■ **About this task**: The lines from the one containing "Исключительной особенностью заведения" through the last line below, both ends included, must be reproduced exactly, with no pictures.

■ **Exercise data**:
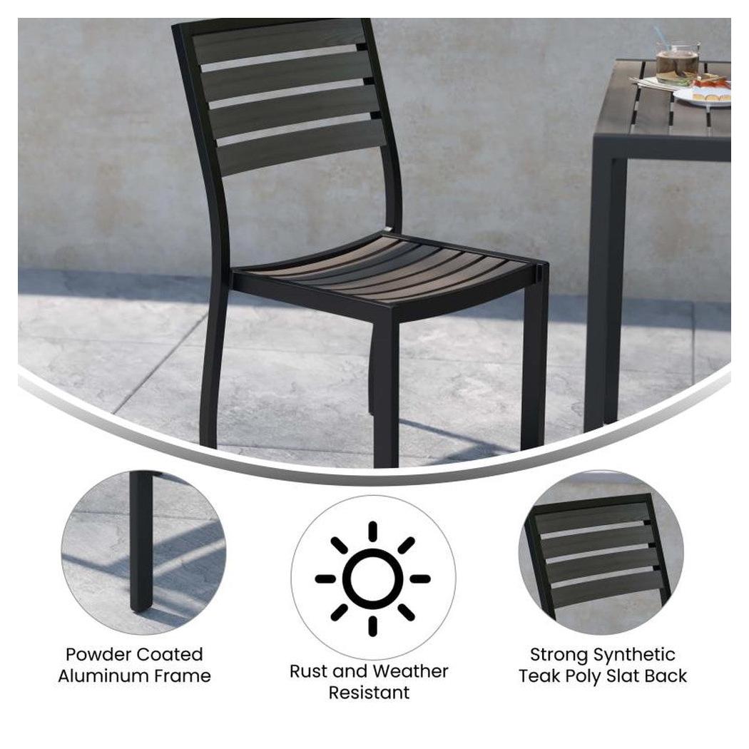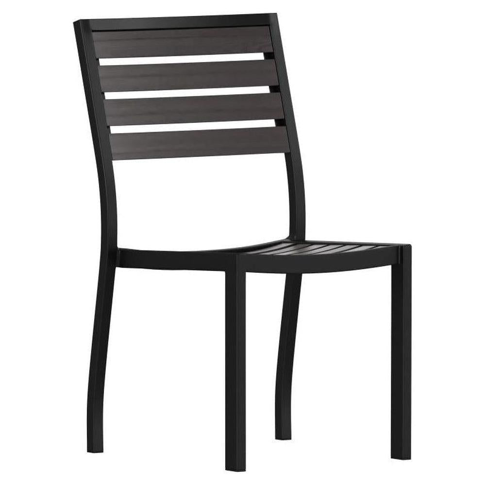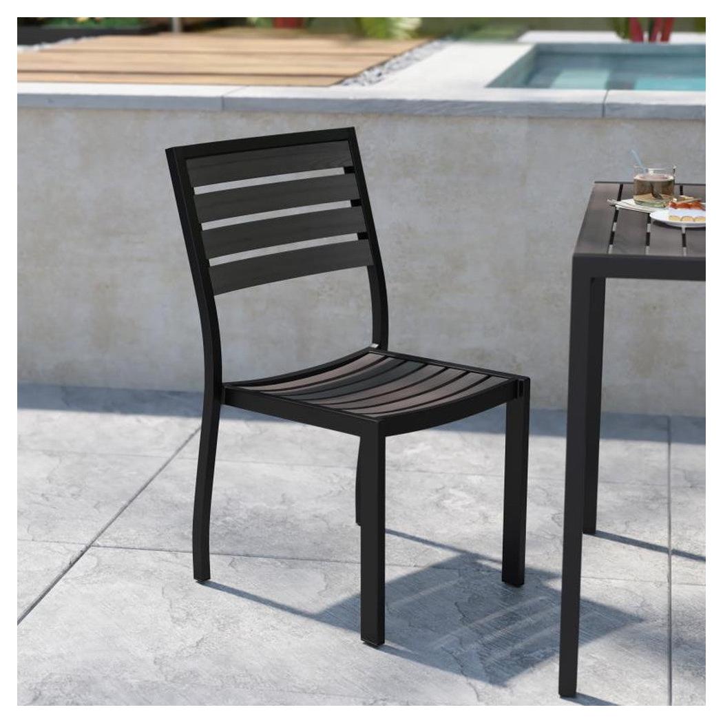 Esta silla exterior sin apoyabrazos está diseñada para uso profesional, ofreciendo una solución práctica para espacios al aire libre,
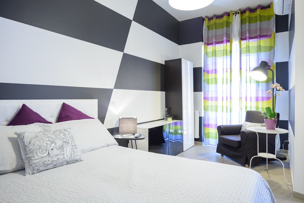 - Vertical striped prints raise the ceiling and make the room taller, while horizontal cross stripes make it wider and significantly increase the space.
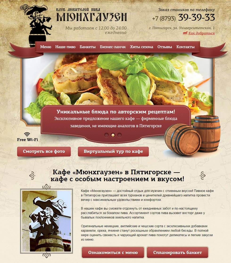 Исключительной особенностью заведения является то, что при планировании банкета посетитель заведения не ограничен какими-то готовыми наборами меню, а волен сам выбрать всё, что ему захочется видеть на своём праздничном столе, из разнообразного меню заведения,— это и легло в основу концепции сайта.
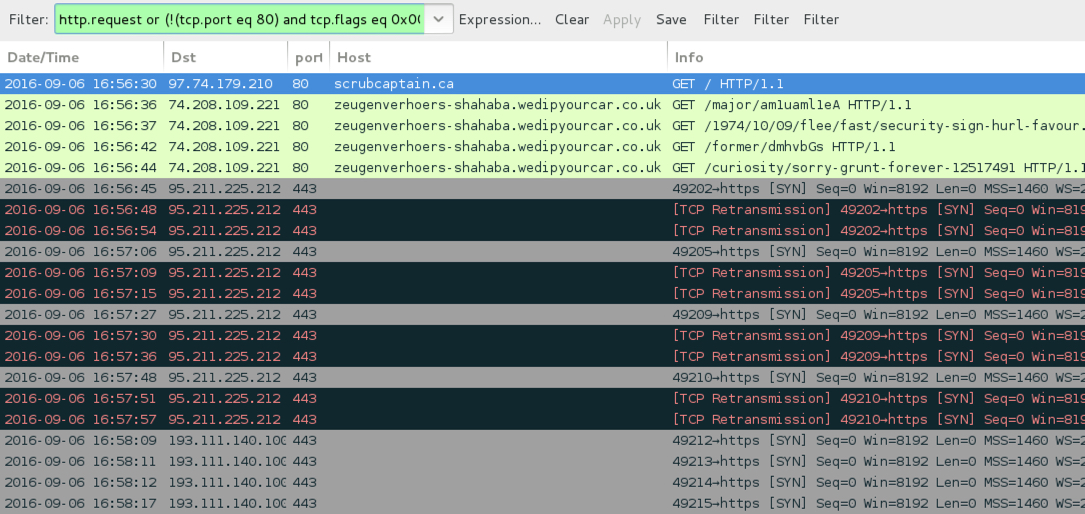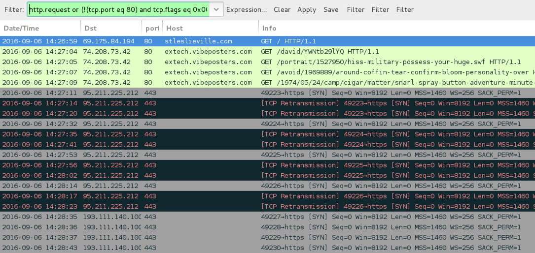 Shown above: Traffic from the first pcap filtered in Wireshark. Wireshark filter: http.request or (!(tcp.port eq 80) and tcp.flags eq 0x0002)

■ **Solved problem**:
 Исключительной особенностью заведения является то, что при планировании банкета посетитель заведения не ограничен какими-то готовыми наборами меню, а волен сам выбрать всё, что ему захочется видеть на своём праздничном столе, из разнообразного меню заведения,— это и легло в основу концепции сайта.
 Shown above: Traffic from the first pcap filtered in Wireshark. Wireshark filter: http.request or (!(tcp.port eq 80) and tcp.flags eq 0x0002)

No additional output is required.